Data entries:
━━━━━━━━━━
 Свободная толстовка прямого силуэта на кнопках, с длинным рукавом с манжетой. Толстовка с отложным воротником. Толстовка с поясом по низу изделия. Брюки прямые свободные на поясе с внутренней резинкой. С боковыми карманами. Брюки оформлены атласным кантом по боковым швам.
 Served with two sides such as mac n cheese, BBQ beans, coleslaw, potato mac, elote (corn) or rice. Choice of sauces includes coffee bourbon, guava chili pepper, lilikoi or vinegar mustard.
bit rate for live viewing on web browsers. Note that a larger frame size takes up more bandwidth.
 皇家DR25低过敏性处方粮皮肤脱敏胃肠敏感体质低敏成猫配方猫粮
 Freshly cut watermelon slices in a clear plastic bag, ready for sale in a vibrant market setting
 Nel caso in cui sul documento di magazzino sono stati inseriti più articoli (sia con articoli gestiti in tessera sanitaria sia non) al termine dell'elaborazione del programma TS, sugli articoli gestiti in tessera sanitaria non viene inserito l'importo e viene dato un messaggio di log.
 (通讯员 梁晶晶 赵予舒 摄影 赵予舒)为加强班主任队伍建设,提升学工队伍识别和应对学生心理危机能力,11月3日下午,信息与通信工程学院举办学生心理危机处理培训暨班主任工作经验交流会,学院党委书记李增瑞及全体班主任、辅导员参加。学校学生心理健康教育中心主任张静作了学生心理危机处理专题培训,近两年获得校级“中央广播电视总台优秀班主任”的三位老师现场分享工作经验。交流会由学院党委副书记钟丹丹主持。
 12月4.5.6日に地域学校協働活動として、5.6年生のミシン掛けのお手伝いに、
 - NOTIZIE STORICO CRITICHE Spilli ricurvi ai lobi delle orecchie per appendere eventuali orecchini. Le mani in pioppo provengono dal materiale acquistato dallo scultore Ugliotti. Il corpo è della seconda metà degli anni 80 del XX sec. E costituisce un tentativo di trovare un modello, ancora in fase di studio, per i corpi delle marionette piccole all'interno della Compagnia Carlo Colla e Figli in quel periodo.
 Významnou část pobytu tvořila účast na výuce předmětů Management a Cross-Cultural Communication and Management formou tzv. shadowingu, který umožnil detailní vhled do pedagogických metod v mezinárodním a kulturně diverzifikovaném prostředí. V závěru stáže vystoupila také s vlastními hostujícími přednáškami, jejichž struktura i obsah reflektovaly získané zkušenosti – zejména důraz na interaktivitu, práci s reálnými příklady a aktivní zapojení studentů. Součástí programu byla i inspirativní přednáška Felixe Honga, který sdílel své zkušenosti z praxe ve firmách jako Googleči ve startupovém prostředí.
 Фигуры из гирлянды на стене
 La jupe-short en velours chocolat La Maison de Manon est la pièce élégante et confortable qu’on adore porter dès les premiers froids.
━━━━━━━━━━
* EXERCISE OBJECTIVE *
Print out all the entries above exactly.

* SOLUTION TO THE PROBLEM *
 Свободная толстовка прямого силуэта на кнопках, с длинным рукавом с манжетой. Толстовка с отложным воротником. Толстовка с поясом по низу изделия. Брюки прямые свободные на поясе с внутренней резинкой. С боковыми карманами. Брюки оформлены атласным кантом по боковым швам.
 Served with two sides such as mac n cheese, BBQ beans, coleslaw, potato mac, elote (corn) or rice. Choice of sauces includes coffee bourbon, guava chili pepper, lilikoi or vinegar mustard.
bit rate for live viewing on web browsers. Note that a larger frame size takes up more bandwidth.
 皇家DR25低过敏性处方粮皮肤脱敏胃肠敏感体质低敏成猫配方猫粮
 Freshly cut watermelon slices in a clear plastic bag, ready for sale in a vibrant market setting
 Nel caso in cui sul documento di magazzino sono stati inseriti più articoli (sia con articoli gestiti in tessera sanitaria sia non) al termine dell'elaborazione del programma TS, sugli articoli gestiti in tessera sanitaria non viene inserito l'importo e viene dato un messaggio di log.
 (通讯员 梁晶晶 赵予舒 摄影 赵予舒)为加强班主任队伍建设,提升学工队伍识别和应对学生心理危机能力,11月3日下午,信息与通信工程学院举办学生心理危机处理培训暨班主任工作经验交流会,学院党委书记李增瑞及全体班主任、辅导员参加。学校学生心理健康教育中心主任张静作了学生心理危机处理专题培训,近两年获得校级“中央广播电视总台优秀班主任”的三位老师现场分享工作经验。交流会由学院党委副书记钟丹丹主持。
 12月4.5.6日に地域学校協働活動として、5.6年生のミシン掛けのお手伝いに、
 - NOTIZIE STORICO CRITICHE Spilli ricurvi ai lobi delle orecchie per appendere eventuali orecchini. Le mani in pioppo provengono dal materiale acquistato dallo scultore Ugliotti. Il corpo è della seconda metà degli anni 80 del XX sec. E costituisce un tentativo di trovare un modello, ancora in fase di studio, per i corpi delle marionette piccole all'interno della Compagnia Carlo Colla e Figli in quel periodo.
 Významnou část pobytu tvořila účast na výuce předmětů Management a Cross-Cultural Communication and Management formou tzv. shadowingu, který umožnil detailní vhled do pedagogických metod v mezinárodním a kulturně diverzifikovaném prostředí. V závěru stáže vystoupila také s vlastními hostujícími přednáškami, jejichž struktura i obsah reflektovaly získané zkušenosti – zejména důraz na interaktivitu, práci s reálnými příklady a aktivní zapojení studentů. Součástí programu byla i inspirativní přednáška Felixe Honga, který sdílel své zkušenosti z praxe ve firmách jako Googleči ve startupovém prostředí.
 Фигуры из гирлянды на стене
 La jupe-short en velours chocolat La Maison de Manon est la pièce élégante et confortable qu’on adore porter dès les premiers froids.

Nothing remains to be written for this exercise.